Whistlers started through an association with WING, an organisation supporting the resilience of women exiting prostitution. Established in 1953 to care for war orphans and widows, WING has been supporting women who have left the sex trade and those who have suffered violence since 1996. Since Park happened to read an interview of the CEO of the organization and wrote about them, she has been connected to them by eating meals together and conducting workshops. Park explains that Whistlers has to do not with an ‘outside’ that is separate from her but with an ‘outside’ that is part of her which blossoms as friendship with women.

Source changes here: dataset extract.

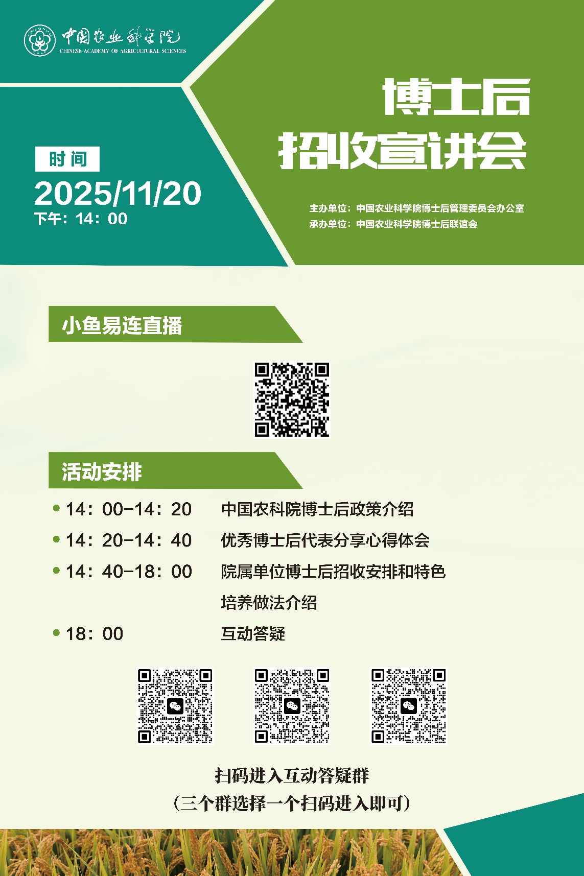 中国农业科学院成立于1957年,是国家设立的中央级农业科研机构,是全国综合性农业科学研究的最高学术机构、农业及农业科学技术战略咨询机构,是“三农”领域国家战略科技力量,担负着全国农业重大基础与应用基础研究、应用研究和高新技术研究的任务,致力于解决我国农业及农村经济发展中公益性、基础性、全局性、战略性、前瞻性重大科学与技术问题。我院博士后工作始于1991年,现有兽医学、畜牧学、作物学、农业资源与环境、植物保护、农林经济管理、生物学、园艺学、草学、农业工程、生态学11个科研流动站,14个科研工作站,7个创新实践基地,目前在站博士后突破970人,居全国农林院校首位。根据科技创新事业发展需要,现面向全国招收博士后研究人员。

Whistlers (2023), which shares the same title as the exhibition, is a video work that Park produced at a WING workshop with the women last year. It shows a performance of serial whistling, as 12 women standing side-by-side take turns inhaling and exhaling each other’s breaths. Sharing breath turns into a poem, and it gets embroidered on t-shirts donated by the artist’s friends in How to Whistle (2024). phwee phwee fweet fweet (2024) is a video work in which two actors read six letters that Park’s friends including actors wrote to their friends, whispering an emotional intimacy that transcends language and logic. This intimacy continues in Mountains (2024), where participants at the 2023 WING workshop depicted what they cherished, held in their hands.

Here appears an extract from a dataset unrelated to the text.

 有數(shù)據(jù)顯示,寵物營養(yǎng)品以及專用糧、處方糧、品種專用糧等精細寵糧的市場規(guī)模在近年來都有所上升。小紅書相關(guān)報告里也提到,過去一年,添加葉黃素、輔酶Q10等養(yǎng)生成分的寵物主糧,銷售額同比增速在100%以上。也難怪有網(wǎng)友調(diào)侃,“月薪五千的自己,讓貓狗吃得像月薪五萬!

Many of Park’s works and projects question social systems, including art, economy and history by uncovering the various structures and labors therein. By juxtaposing art with social conditions, her practice creates awkward situations that confuse and upend the boundary between art and daily life. The box in a plastic bag (La boîte - en - sac plastique) (2010) is a performance in which the participating artists and museum staff who contributed for making exhibitions at the private view carry around plastic bags of groceries their usual dinner habits. In I tell what you believe 1 (2013) is her performance in which invigilators walk in the museum, wearing tap dance shoes written ‘I tell what you believe’ throughout the exhibition, making cracking noises in the museum. She has also collaborated with foley artists who work behind cameras to produce images. Through these works, Park blurred the boundary between art and life and highlighted labor and collaboration in art, which led to uncomfortable questions about the system.
Bona Park’s solo exhibition, Friends in Gallery Chosun in 2013 focused on the people she collaborated with, such as a performer for playing piano and a shoe-shiner who shone her shoes for the opening. On the other hand, the exhibition, Whistlers in 2024 is more about the trust, friendship, and intimacy that emerge through the process of collaboration.

Bona Park engages in works that critically examine the social system by overlapping the ways images are created in art, the stories and labor of those who create them, and the functioning of the economy and history outside of art. The artist creates awkward and uncomfortable situations that often blur the boundaries between art and everyday life through various mediums such as performance, video, and installation. Bona Park graduated with a degree in English Language and Literature and Journalism and Broadcasting from Sogang University in 2000, and completed a degree in Sculptural Arts at Korea National University of Arts in 2004. She earned an MFA in Art Practice from Goldsmiths College in London in 2008. She currently resides and works in Seoul.

Gallery Chosun was established in 2004 in Bukchon, an area in Seoul known for its vibrant art scene comprising prominent art galleries and the National Museum of Modern and Contemporary Art. With a reputation for providing a versatile environment for its forward-thinking exhibitions, Gallery Chosun is committed to becoming an ultimate paradigm for Korean contemporary art.